Barnaby Joyce support for potential leadership rival
Barnaby Joyce has backed Nationals deputy leader Bridget McKenzie for a lower house against Cathy McGowan.
Barnaby Joyce has backed Nationals deputy leader Bridget McKenzie for the lower house seat of Indi against Cathy McGowan two days after his public falling out with the high-profile independent MP.
The former Nationals leader said yesterday he would support Senator McKenzie running for the northeastern Victorian seat if the ambition was to improve the party’s numbers in federal parliament.
Mr Joyce also told The Australian he had talked on the floor of the parliament with Ms McGowan on Tuesday after she threatened to withdraw her support for the government if Nationals leader Michael McCormack were to be deposed.
Mr Joyce told Ten Eyewitness News yesterday he was not collecting leadership votes but would take the top job if asked.
The former leader has accused Ms McGowan of being two-faced and used regional media to savage her after she made her weekend threat about pulling support from the government.
The threat was linked with suggestions Mr Joyce was seeking a leadership role.
“Cathy, my door is always open if you wish to discuss anything with me that could be of such weight that you would make a public statement like you did about me, please feel free to see me first,” Mr Joyce told The Border Mail.
“Alternatively, please desist with the gushy charade that is part of the disingenuous patter that you partake every other time we meet.’’
The Australian photographed Mr Joyce and Ms McGowan deep in conversation in parliament on Tuesday as the Nationals circle to take over the seat.
Ms McGowan is expected to quit before the next election, opening the way for Senator McKenzie to contest the seat.
The Australian revealed yesterday that Senator McKenzie was moving her electorate office nearly 300km to Wodonga in Victoria’s northeast.
It is the chief population centre in Indi.

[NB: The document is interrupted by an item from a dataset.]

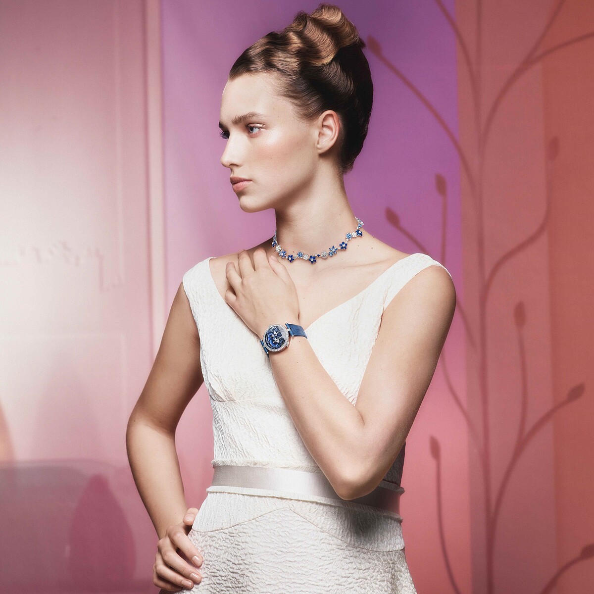 錶盤透過墨彩琺瑯工藝將相逢景緻完美呈現,有如一幀色彩豐富的水彩畫。前景中的拱橋剪影以精金雕琢而成,與後方的景致構成立體的透視效果。腕錶底蓋則以藍寶石水晶鏡面上的琺瑯印花和金質鐫刻工藝。腕錶搭配了鑲鑽珠寶錶帶,Aube和Soirée分別在錶帶鑲飾粉紅色藍寶石,呈現漸層變代的色彩;Matinée和Clair de Lune則各於錶帶鑲嵌淺藍至深藍的漸變色藍寶石,加上細緻絲網結構使錶帶柔軟靈活,緊貼手腕弧度,從視覺到配戴上的舒適度全面展現世家打造珍稀臻品的不凡工藝境界。

Senator McKenzie denied yesterday she was having a tilt at the Nationals leadership but refused to rule out being a candidate in the seat, which has a margin of 4.1 per cent over the Liberals.
Mr Joyce said: “The role of any political party is to win seats; if anybody suggests anything else they are misleading you.”
“The National Party should have absolute interest in trying to win Indi. The person who sits in the highest pantheon of political parties is the one who wins back seats.
“So if Bridget wants to do that, then of course she is to be supported in that approach.”
Victorian Nationals MP Andrew Broad also yesterday backed Senator McKenzie running.
“Everything that Bridget puts her mind to she does well. Bridget is a class act,” he said.
Mr McCormack did not say whether he supported Senator McKenzie running for Indi or whether he expected her to contest, but said: “As leader of the Nationals and Deputy Prime Minister, I look forward to helping Nationals candidates across the country to put our record of delivery and advocacy to regional people and their communities at the next election.”
Ms McGowan did not respond to a request for an interview.